Giant fibroadenoma is a rare, benign stromal tumor that typically occurs in adolescent women. This rapidly-growing tumor can result in a significant aesthetic and psychosocial morbidity due to gross asymmetry changes in the overlying skin envelope and concerns about malignancy. On initial work-up this lesion must be differentiated from other rare primary breast tumors, including phyllodes tumor, or metastatic disease. Appropriate treatment of giant fibroadenoma requires surgical excision; however, many surgeons are reluctant to perform a concomitant mastopexy or reconstruction at the time of tumor extirpation.
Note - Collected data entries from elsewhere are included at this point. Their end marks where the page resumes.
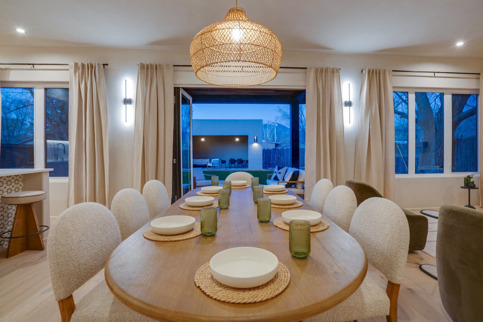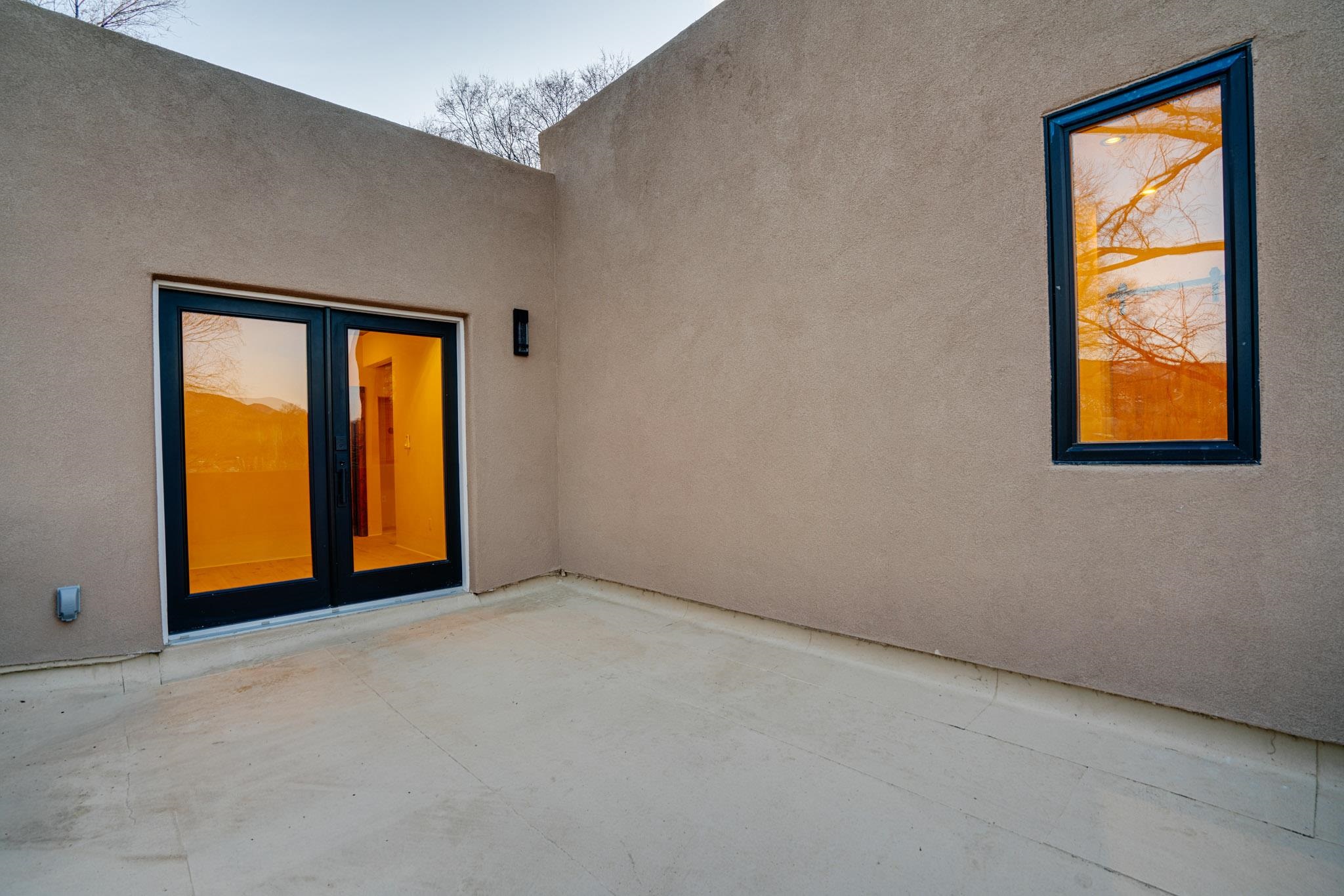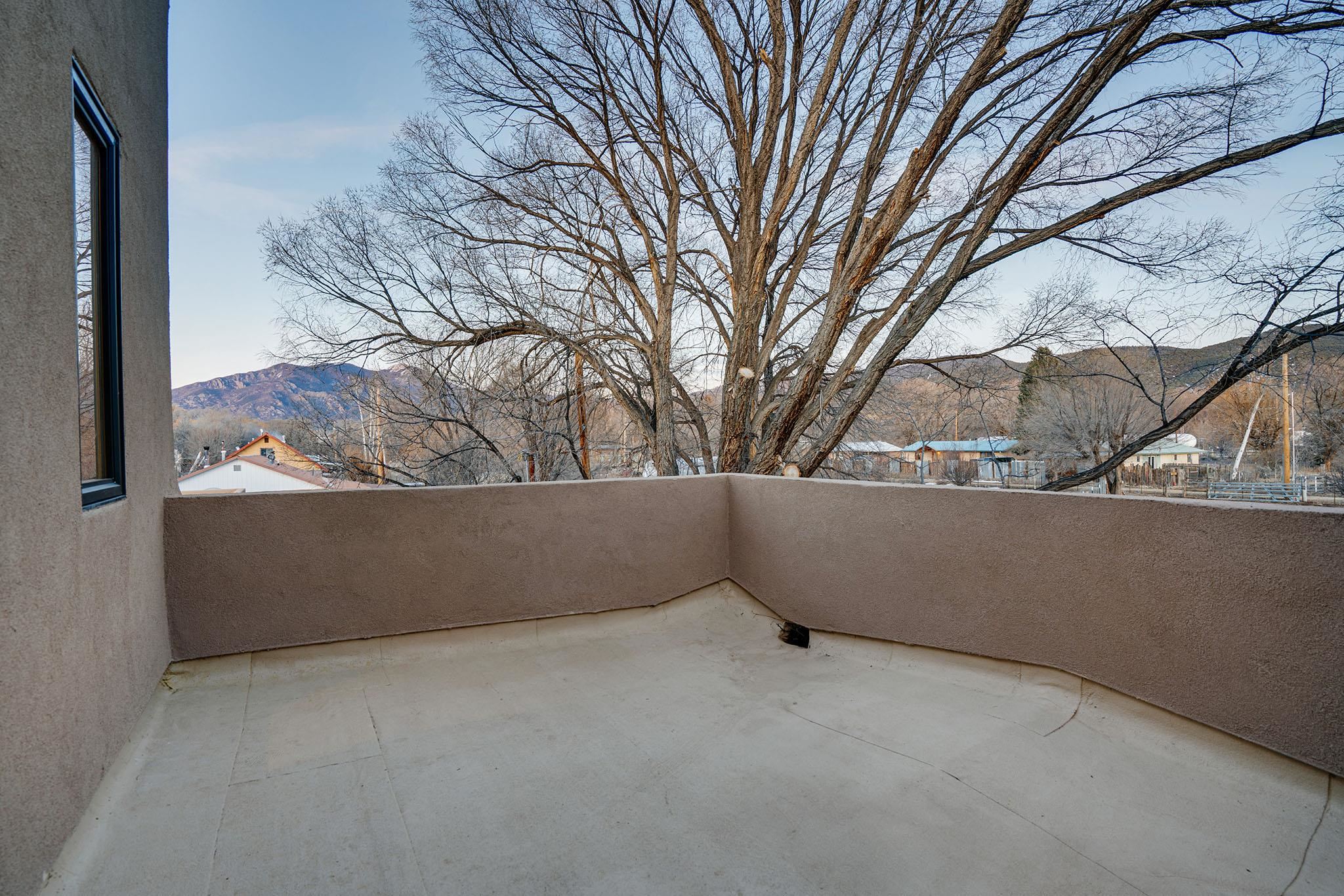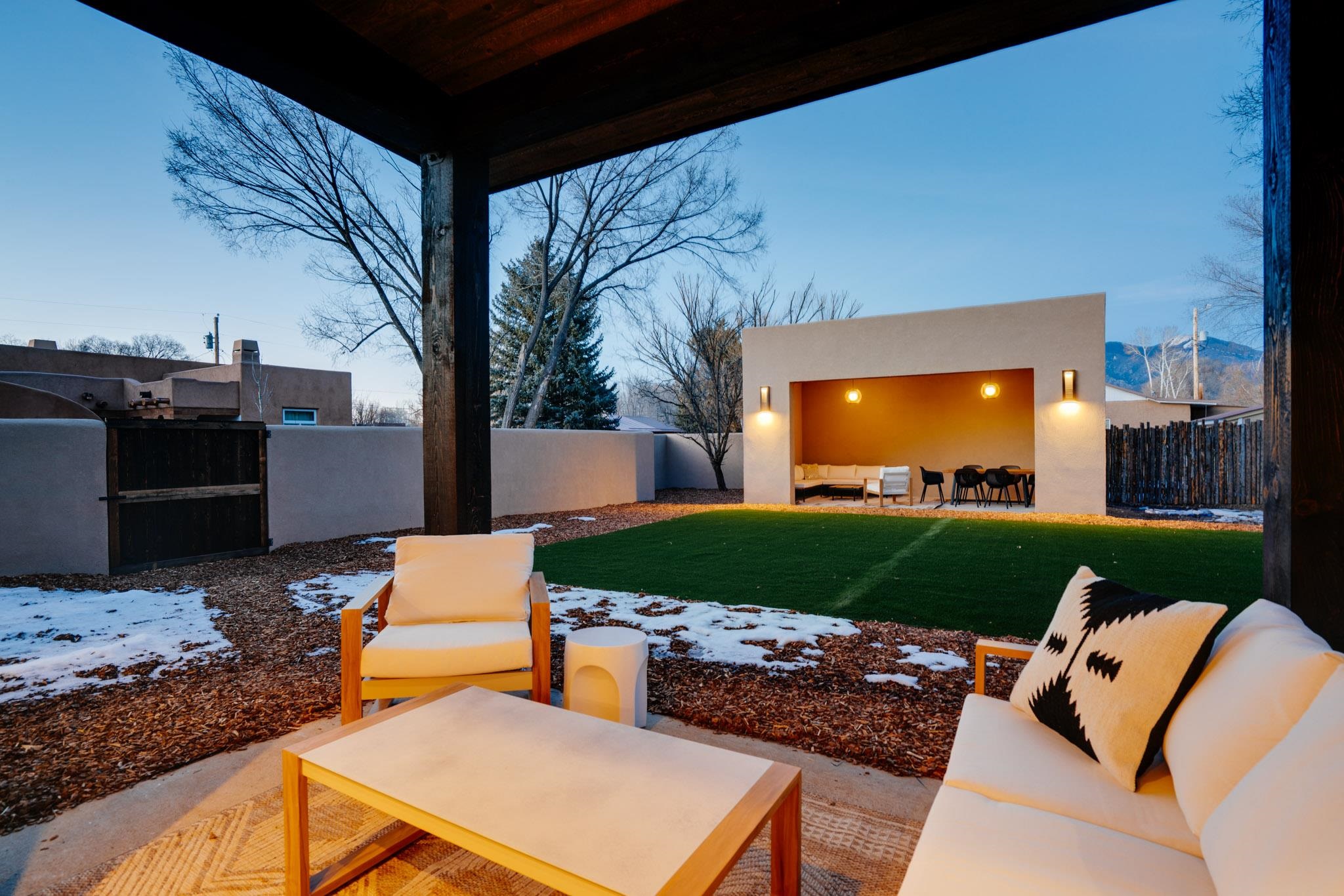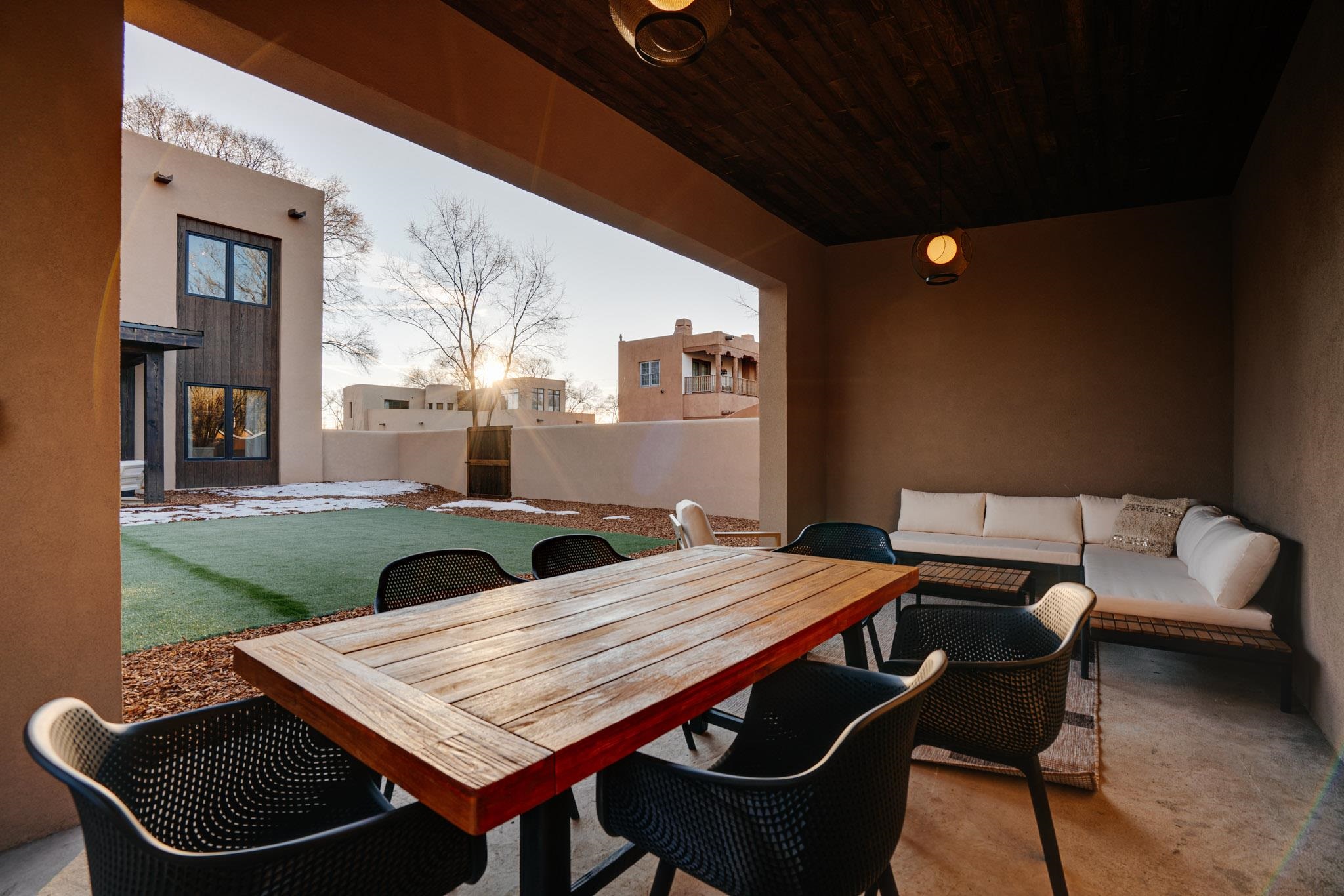 Welcome to ELMhouse, a truly spectacular newly built home surrounded by mature Siberian Elm trees. Located on the quiet Vigil Street you are afforded all the conveniences that town living has to offer. Designed and built by award winning Architect/Interior Designer, Johnna Barrett of Barrett Design, Elm House incorporates bold, dramatic design with the latest in eco-friendly sustainability. As you approach the property, the first thing you notice is the impressive custom designed Corten steel panel which is backlit at night. The lovely foyer, lit with a wall of electric pillar candles and handmade clay tile leads to the open kitchen/ dining/ living area. The kitchen offers Bosch electric appliances and durable, stain resistant quartz countertops with a Summit gas cooktop. A 9-foot Panoramic door opens to the outdoor patio and on to a detached portal which is great for leisurely lunches and dinners and excellent for entertaining. The landscaping offers minimal maintenance with weed barrier, topsoil and mulch. A patch of year-round green is provided by synthetic turf. The spacious dining/living room area has a gas fireplace as well as a mini split unit for additional heat and air conditioning. There are two bedrooms on the first level with a mini split unit in each as well as a full bath. Three storage closets and a large pantry lead to the one-car oversized garage. Enjoy electric radiant floor heat throughout the home. Two tankless on demand water heaters assure that you will never run out of hot water! The walls of the home are breathable lime-washed hand brushed paint which produces a velvety finish. White oak floors throughout the home come with a lifetime warranty. Five handmade wire lamps are suspended from the ceiling, giving a striking effect as you ascend to the second level. The risers of the stairs leading to the second level are enhanced by decorative encaustic tiles. Upstairs you will find the spacious primary bedroom offering a glorious view of Taos Mountain, a gas fireplace and a large ensuite bathroom. The plaster work in the bathrooms is Tadelakt , an elegant traditional waterproof Moroccan lime-based plaster with handmade clay tiles. There is an additional bedroom and a bonus room with a terrace. The bonus room can be used as an office, a TV room, studio, or an additional bedroom. This newly constructed 2488 SF 4-bedroom, 3 bath home which sits on .215 acres with high ceiling and skylights is filled with natural light. The construction is 2x6 and 2x12 which gives the home a very solid feeling. The exterior of the home is finished with Elastomeric stucco, a superior, long lasting, water and crack resistant product. Superior craftsmanship can be seen in every aspect of construction and design. The home is offered fully furnished and decorated in a sophisticated and soothing neutral color scheme giving a buyer the opportunity to add their own personal touches. Bold and dramatic, this stunning eco-friendly home is a must-see and beckons you to call it your own.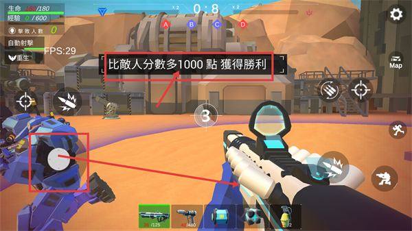 2、游戏胜利条件是【比敌人分数多1000点-获得胜利】,通过移动按键调整位置,用武器射击敌方积累分数。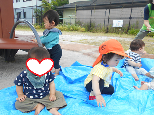 保育士がシャボン玉を出すと 皆じっと見つめていました。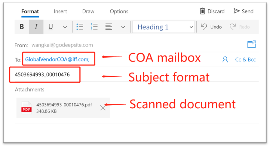 After scanning, users can send the image version or PDF version of scanned copy to the mailbox GlobalVendorCOA@iff.com. Please make sure you have read the Email Limitation and Requirements in section 5 Appendix of this User Guide before sending the mail and write PO#, IPC# clearly in the subject of the email.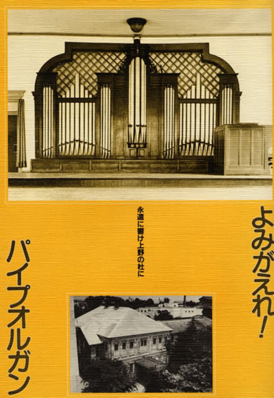 このオルガンは大正九年、イギリスのアボット・スミス社により輸入されたもので、パイプ総数一四〇〇本近い、わが国最初の本格的コンサート用オルガンであり、音色も大変に美しいものです。 このオルガンは当初、奏楽堂の舞台正面の飾りとしてだけ残される予定でしたが、是非ともあの美しい音色をよみがえらせたいという多くの要望に応え、台東区では修復の方向で検討しています。 しかしなんといっても長年の使用により、傷んだ部分も多く、昔の美しい音色を取り戻すためにはかなりの費用がかかると推定されます。とはいえ、パイプオルガン無しの奏楽堂では意味がない、と私たちは考えます。このオルガンは、日本のオルガン音楽の歴史を背負ってきた貴重なオルガンであるとともに、パイプオルガンとはそもそも建築そのものが楽器本体である、というような唯一の楽器だからです。 そこで、地元の皆さん、広く全国の皆さんの協力をいただいて、一人一人が小さな力を出し合って、この貴重な文化財を支えたいと思います。一人でも多くの方々に、パイプオルガン保存復活のための募金をお願いいたします。 昭和六十年四月六日 奏楽堂のパイプオルガンをよみがえらせる会 ※この小冊子は、「よみがえらせる会」の趣旨に賛同して、地元の地域雑誌「谷中・根津・千駄木」が企画・編集・発行いたしました

This conservative approach results in a loose, ptotic, aesthetically displeasing breast postoperatively. While some degree of skin retraction is expected, patients may have to wait for up to a year to see final results, and further surgical correction may still be required. It is unknown whether these surgeons are not familiar with these techniques or hesitate to increase the amount of scarring on the breast mound of a young female. Using an immediate dermoglandular preserving mastopexy after giant fibroadenoma excision, we have decreased postoperative breast ptosis, removed much of the lax, poor-quality skin and achieved stable, long-term results in two patients. This technique improves the immediate aesthetic outcome, reduces the psychosocial comorbidity associated with waiting for skin retraction and decreases the likelihood of a second surgery.

摘要

巨纤维腺瘤是一种罕见的良性间质肿瘤,通常发生在青少年女性中。由于覆盖皮肤的明显不对称变化以及对恶性肿瘤的担忧,这种快速生长的肿瘤会导致严重的美观和社会心理发病率。在初步检查中,必须将此病变与其他罕见的原发性乳腺肿瘤(包括叶状肿瘤或转移性疾病)区分开来。巨纤维腺瘤的适当治疗需要手术切除;但是,许多外科医生不愿意在肿瘤切除时同时进行乳房悬吊术或重建术。这种保守的方法会导致术后乳房松弛、下垂,美观效果不佳。虽然预计会有一定程度的皮肤回缩,但患者可能需要等待长达一年才能看到最终结果,并且可能仍需要进一步的手术矫正。尚不清楚这些外科医生是否不熟悉这些技术,还是不愿在年轻女性的乳房丘上增加更多的疤痕。通过在巨纤维腺瘤切除后立即进行真皮腺体保留乳房悬吊术,我们在两名患者中减少了术后乳房下垂,切除了大部分松弛、质量差的皮肤,并获得了稳定、长期的效果。这种技术改善了即刻美观效果,减少了等待皮肤回缩相关的社会心理发病率,并降低了再次手术的可能性。